Me: 2020-10-02 14:01:27,494 | InfluxUpdateLast | INFO | Handling '2020-10-02T05:00:00Z'.
influxdb    | [httpd] 104.45.2.57 - DBUser [02/Oct/2020:14:00:38 +0000] "POST /write?db=dbMeas&precision=m HTTP/1.1" 204 0 "-" "python-requests/2.24.0" a6d71ceb-04b7-11eb-8d8e-0242ac180002 19295
influxdb    | 2020-10-02T14:01:27.498452Z       info    Executing query {"log_id": "0PbNLBil000", "service": "query", "query": "SELECT last(*) FROM dbMeas.autogen.BBAP WHERE time >= '2020-10-02T05:00:00Z' - 1d AND time <= '2020-10-02T05:00:00Z'"}
influxdb    | 2020-10-02T14:01:57.583399Z       info    Executing query {"log_id": "0PbNLBil000", "service": "query", "query": "SELECT last(*) FROM dbMeas.autogen.BBAP WHERE time >= '2020-10-02T05:00:00Z' - 1d AND time <= '2020-10-02T05:00:00Z'"}
influxdb    | 2020-10-02T14:02:28.418107Z       info    Executing query {"log_id": "0PbNLBil000", "service": "query", "query": "SELECT last(*) FROM dbMeas.autogen.BBAP WHERE time >= '2020-10-02T05:00:00Z' - 1d AND time <= '2020-10-02T05:00:00Z'"}
Me: 2020-10-02 14:02:58,445 | InfluxUpdateLast | ERROR | + 90.95=   90.95s  - Period '2020-10-02T05:00:00Z' fails with exception: HTTPConnectionPool(host='localhost', port=8086): Read timed out..

info Executing query messages are logged for each statement in a query.
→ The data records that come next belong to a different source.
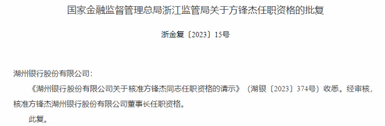 【湖州银行董事长方锋杰任职资格获批】国家金融监督管理总局网站披露,国家金融监督管理总局浙江监管局核准方锋杰湖州银行股份有限公司(下称“湖州银行”)董事长任职资格。(国家金融监管总局网站)
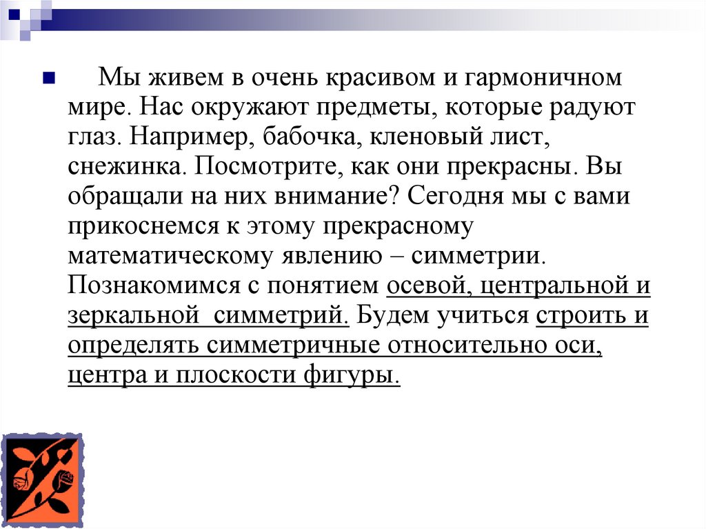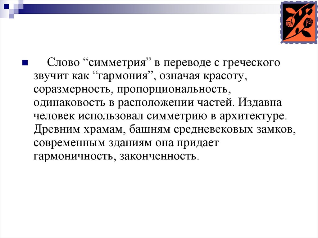 Слово “симметрия” в переводе с греческогозвучит как “гармония”, означая красоту,
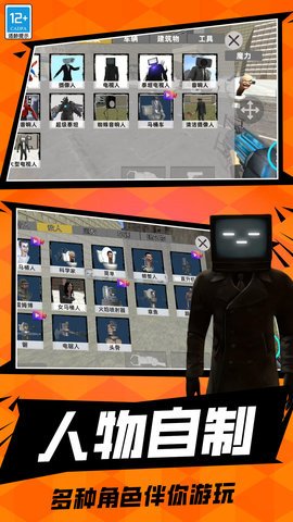 4、在游戏中你还可以根据自己的作战部署,在场景内添加建筑部件和车辆道具,设置障碍,为自己增加作战优势,在与马桶人的作战中赢取胜利。
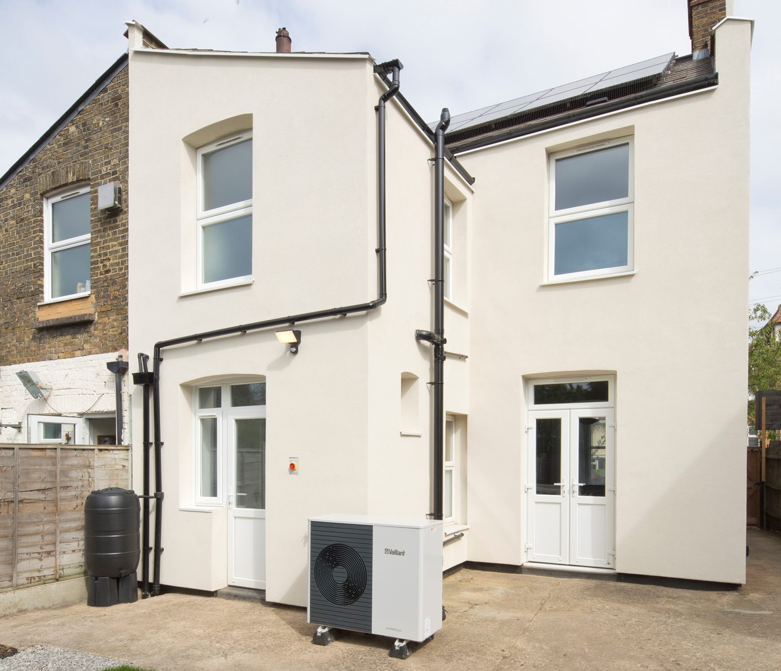 External wall insulation finished with a top coat of render at Greenleaf Road. An increased wall depth meant all rainwater pipes had to be removed and refit
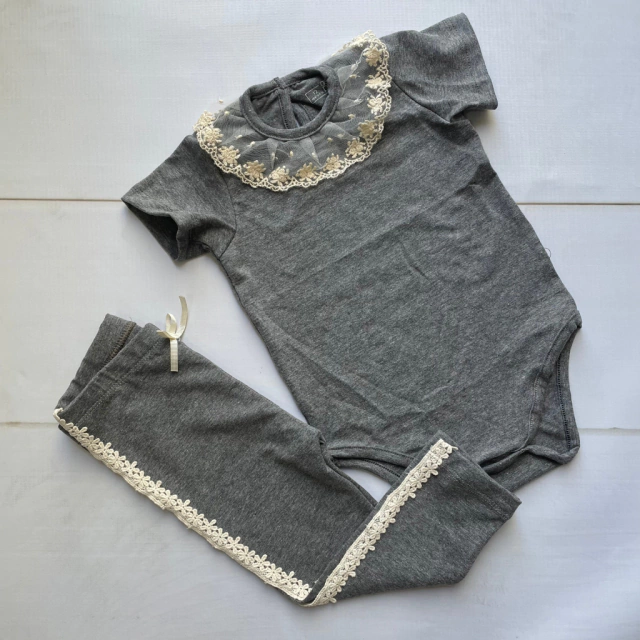 Materiales: Confeccionado en algodon elastizado, con aplique de tul en el cuello.

Since you just have one statement, your log file is indicating that the query was submitted 3 times. Did you say you were running the query multiple times A few iterations?

I like this idea:

Final intention would be to run that process once daily (e.g. at midnight+1h) for every hour of the previous day (to compensate for late arriving data).

Did we talk about continuous queries? They are designed for regular downsampling or regular data processing needs. They have the performance impact of running the same query manually but they might make automating your data processing easier. They could not do your suggestion of a once daily process, which I think is likely superior for your use case.